*Data shown*
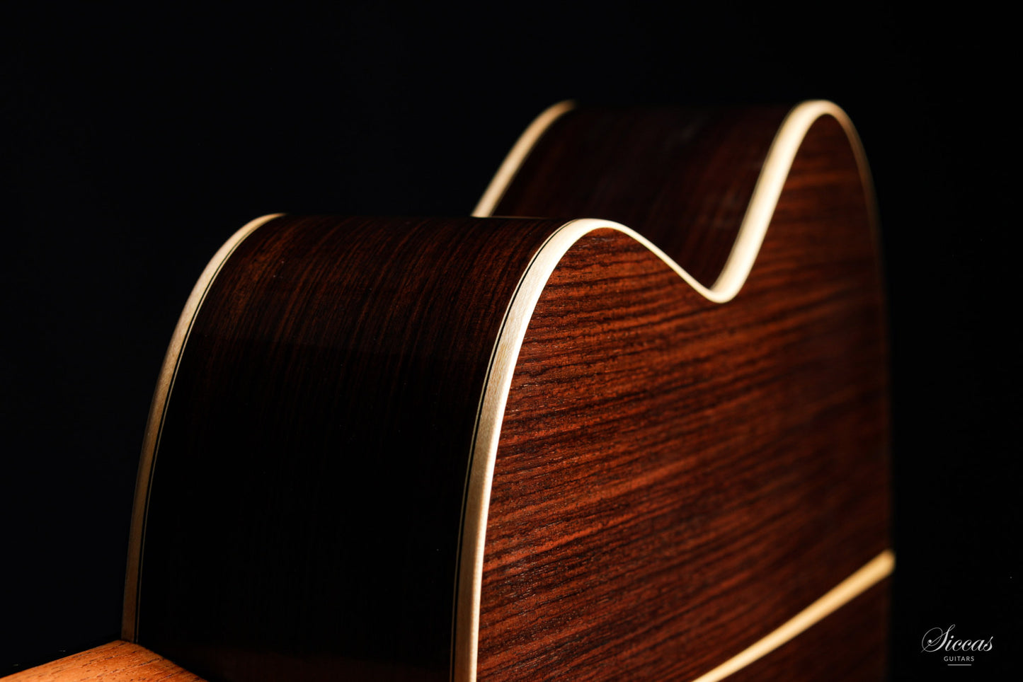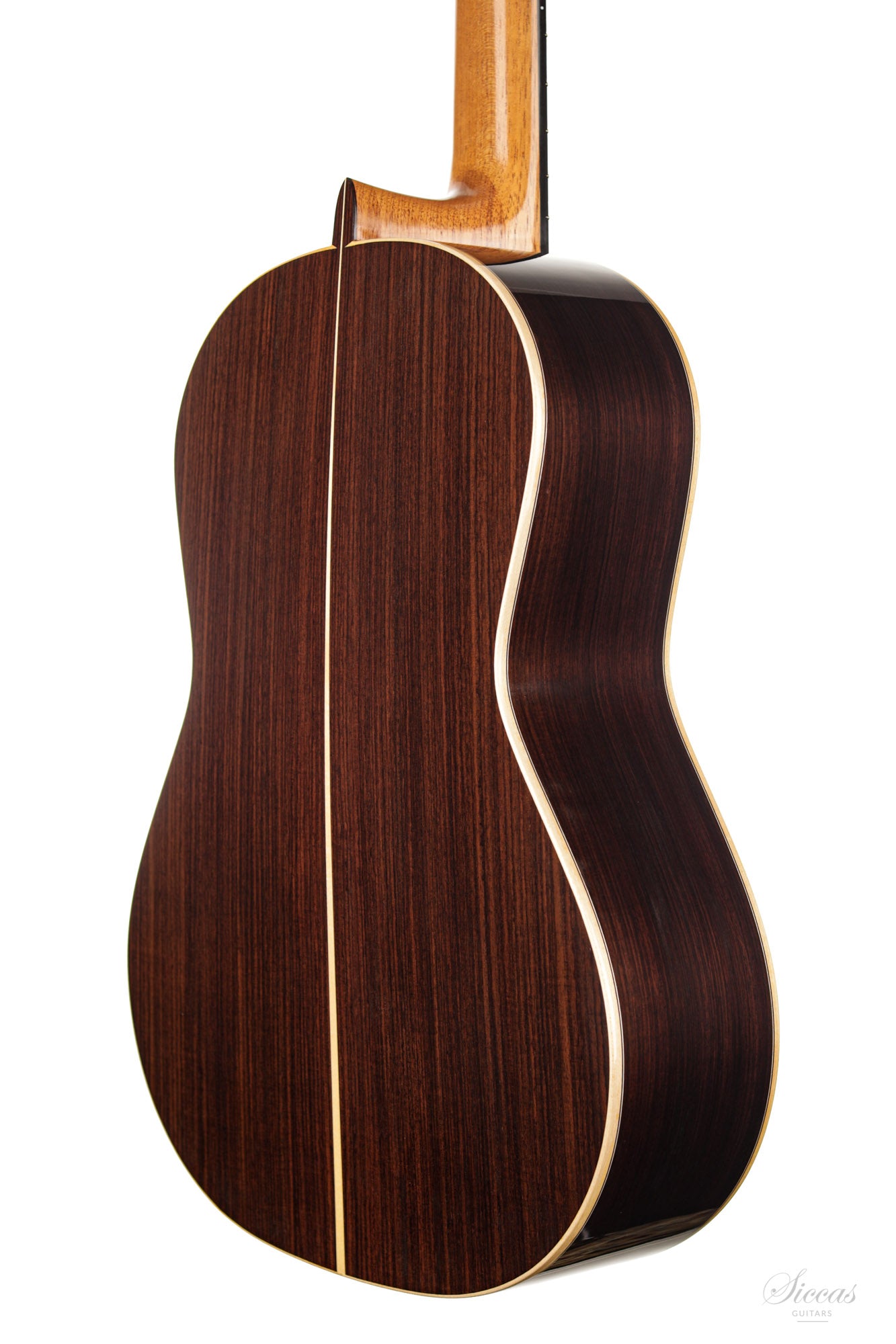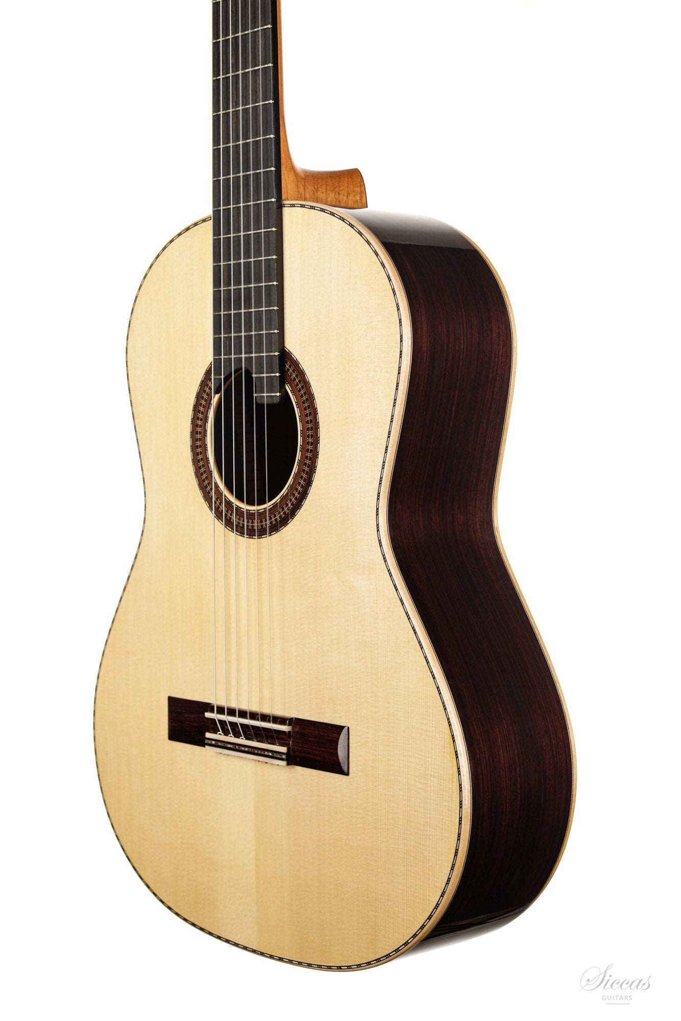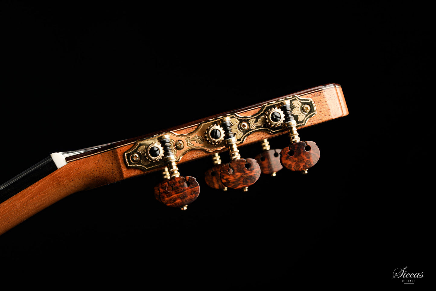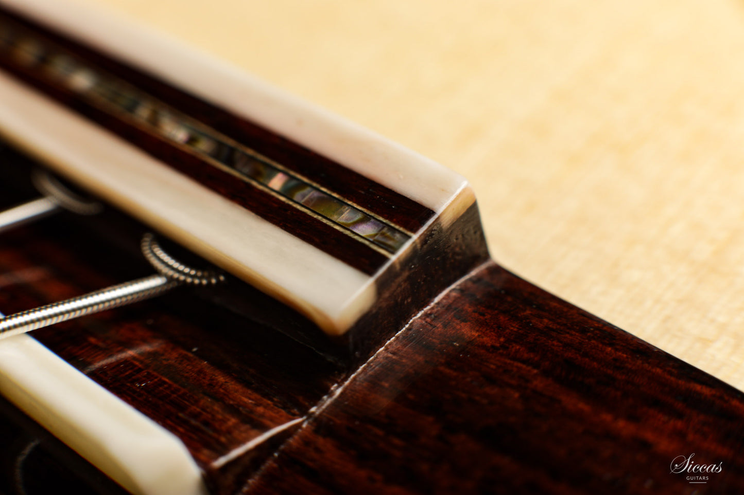 The combination of a tight grain spruce top with a very light lattice bracing offers fantastic volume and outstanding projection. The playability is splendid for both the left and right hand. This instrument leaves the guitarist great freedom allowing to approach all the repertoires. Moreover, the sound is quite expressive, and the general aesthetics absolutely charming.
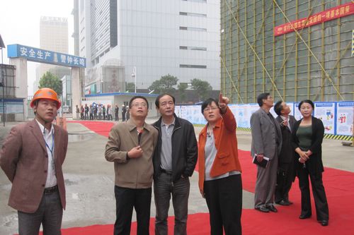 秦武副市长一行在施工现场看了金融中心已建到18层的A楼工程实体形象,认真听取了工程概况及施工进展情况。他对施工的进展、质量、安全、文明施工情况表示非常满意,并特别赞许了现场有序、整洁的施工环境,充分体现了国有企业良好作风,并勉励项目部再接再厉,安全、优质的完成工程主体结构施工。
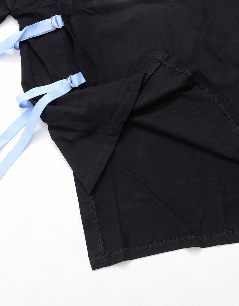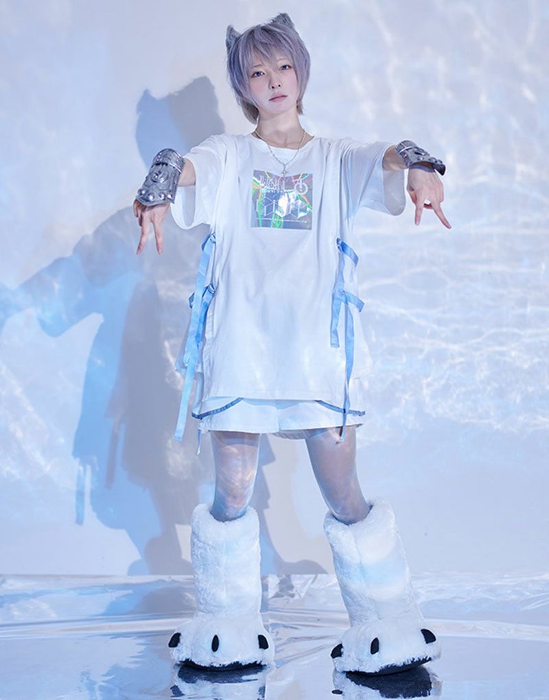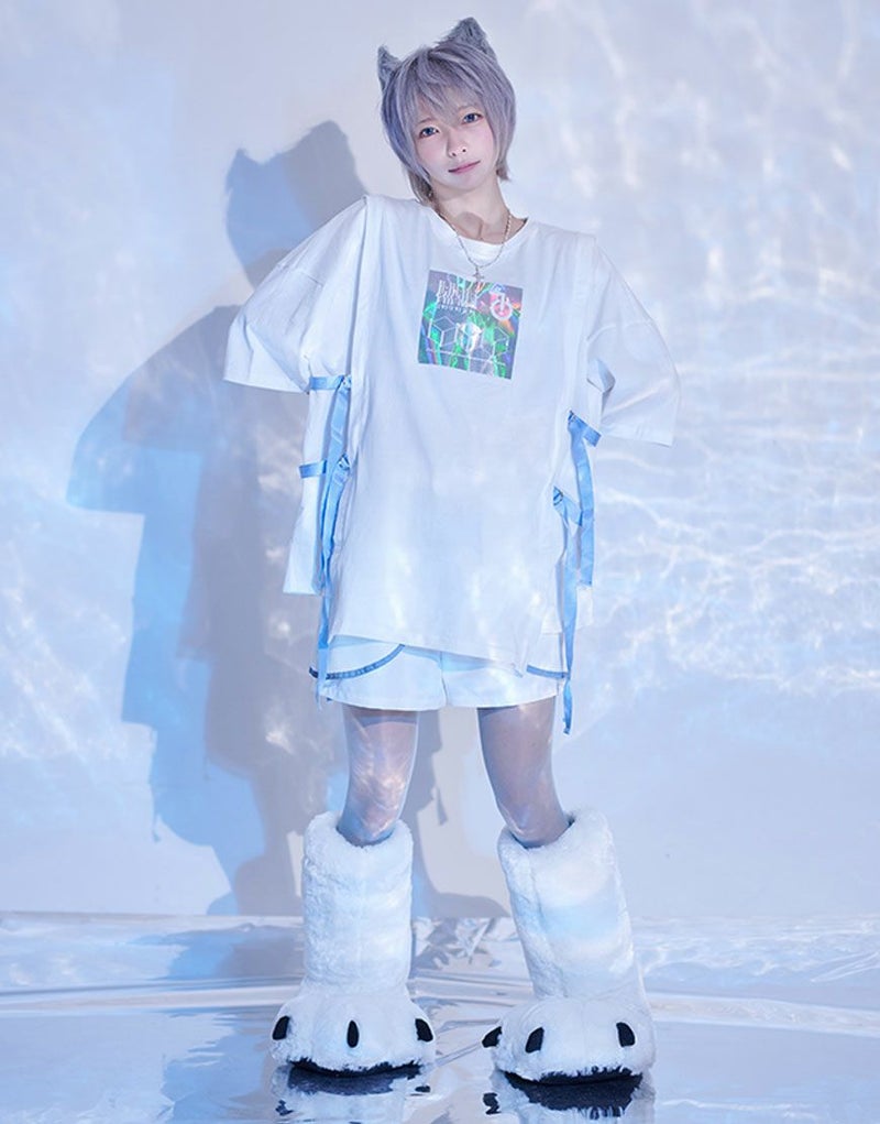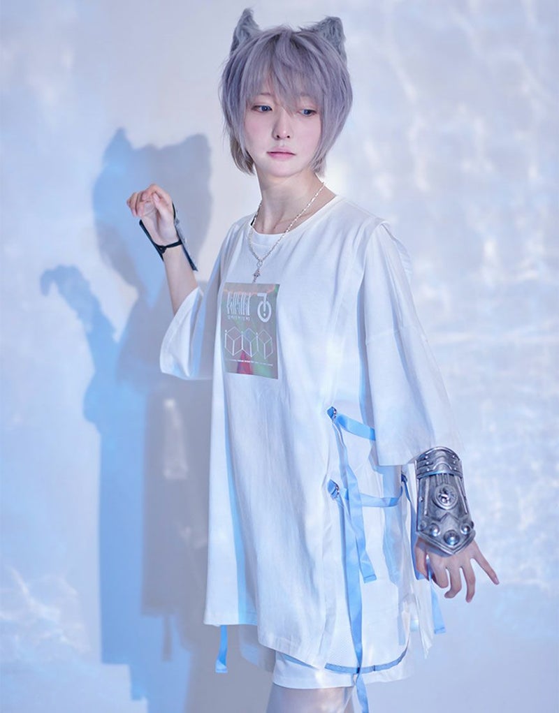 ililil【イルイルイル】よりぴかぴかホログラムTシャツが登場です。 フロントにオーロラ箔による大判ロゴプリントが施されたカットソー。 両サイドにデザインされた2連のベルトがアクセントに 前後で丈の長さが違うのもポイント♪ オーバーサイズで仕上げメンズ、レディースを問わず、ユニセックスで着用可能です。 #Tシャツ #半袖 #プリント #cyber #サイバー #天使界隈 #ユニセックス #ジェンダーレス
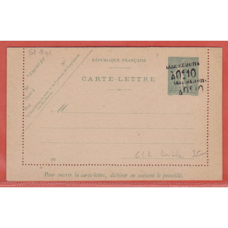 France Entier postal 130 CL2 double surcharge Type Semeuse lignée

*Task statement*
Please return only the lines from the top of the data through the line with "#天使界隈 #ユニセックス #ジェンダーレス", exactly as written, and drop every picture.

*Written solution*
 The combination of a tight grain spruce top with a very light lattice bracing offers fantastic volume and outstanding projection. The playability is splendid for both the left and right hand. This instrument leaves the guitarist great freedom allowing to approach all the repertoires. Moreover, the sound is quite expressive, and the general aesthetics absolutely charming.
 秦武副市长一行在施工现场看了金融中心已建到18层的A楼工程实体形象,认真听取了工程概况及施工进展情况。他对施工的进展、质量、安全、文明施工情况表示非常满意,并特别赞许了现场有序、整洁的施工环境,充分体现了国有企业良好作风,并勉励项目部再接再厉,安全、优质的完成工程主体结构施工。
 ililil【イルイルイル】よりぴかぴかホログラムTシャツが登場です。 フロントにオーロラ箔による大判ロゴプリントが施されたカットソー。 両サイドにデザインされた2連のベルトがアクセントに 前後で丈の長さが違うのもポイント♪ オーバーサイズで仕上げメンズ、レディースを問わず、ユニセックスで着用可能です。 #Tシャツ #半袖 #プリント #cyber #サイバー #天使界隈 #ユニセックス #ジェンダーレス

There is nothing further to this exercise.